Mexico’s outgoing president has pledged to press ahead with judicial reforms despite nervousness among investors, and suggestions from his own handpicked successor that he should wait
MEXICO CITY — Mexico’s outgoing president pledged Friday to press ahead with j udicial reforms despite nervousness among investors and suggestions from his own handpicked successor that he should go slow.
President Andrés Manuel López Obrador said he would pursue 20 constitutional changes after his Morena party won a two-thirds majority in Congress in Sunday’s elections, including making all judges run for election and enshrining a series of unfunded benefit mandates in the Constitution.
Sunday's elections ensured that Claudia Sheinbaum, the candidate of López Obrador's Morena party, will be the next president.

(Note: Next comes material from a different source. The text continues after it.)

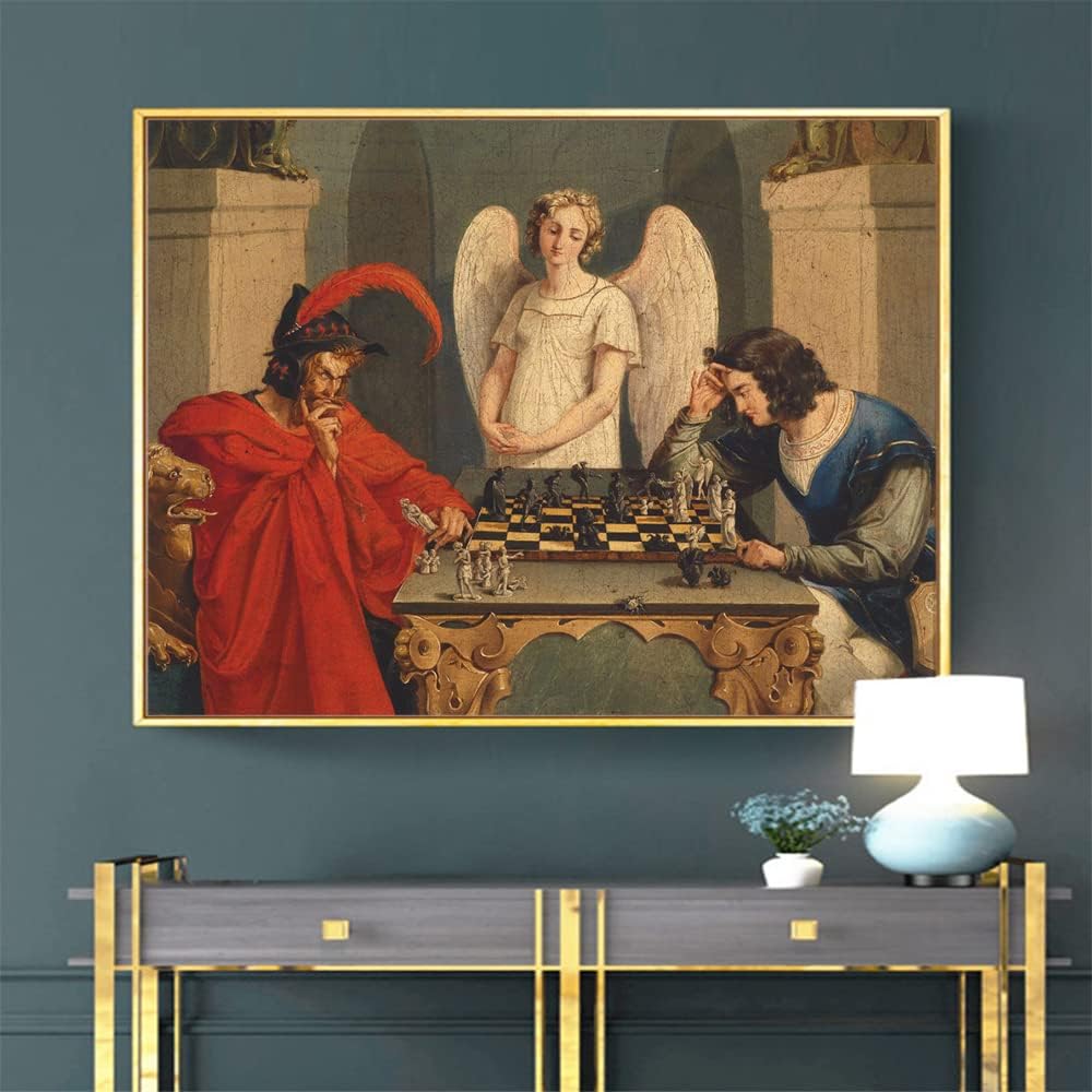 Faust And Mephistopheles Playing Chess Print Poster Vintage Painting Canvas Prints Wall Art Painting Posters and Prints Wall Decor Cuadros Home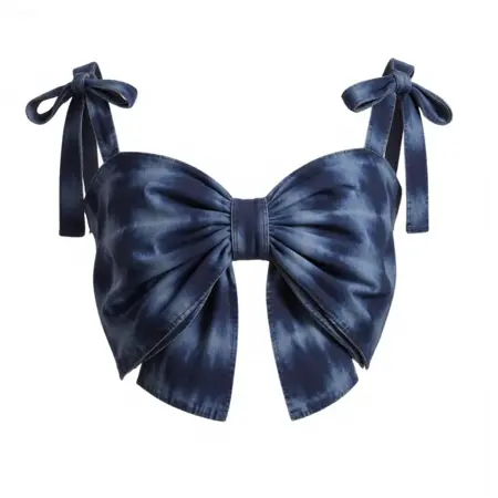1、黒いデニムのカロップトップを着た女性。中央に大きなリボンがあり、両側にはリボンで結んだストラップが付いています。

Sheinbaum had spent most of the week talking to international financial organizations and investors, trying to calm markets after a 10% drop in the value of the peso.
She suggested Thursday the reforms had not yet been decided and should be subject to dialogue.
“It has not yet been decided,” Sheinbaum said Thursday. “My position is that a dialogue will have to be opened, the proposal must be debated.”
But on Friday López Obrador mocked any opposition to the changes. He called critics of the reforms “the promoters of nervousness," and claimed that big corporations were worried about losing judges who he claimed are protecting them. At present, judges are appointed or approved by legislators.
“There are justices who are employees of the big corporations,” López Obrador said at his morning press briefing. “They have some judges on their keychains, adding “justice is above the markets.”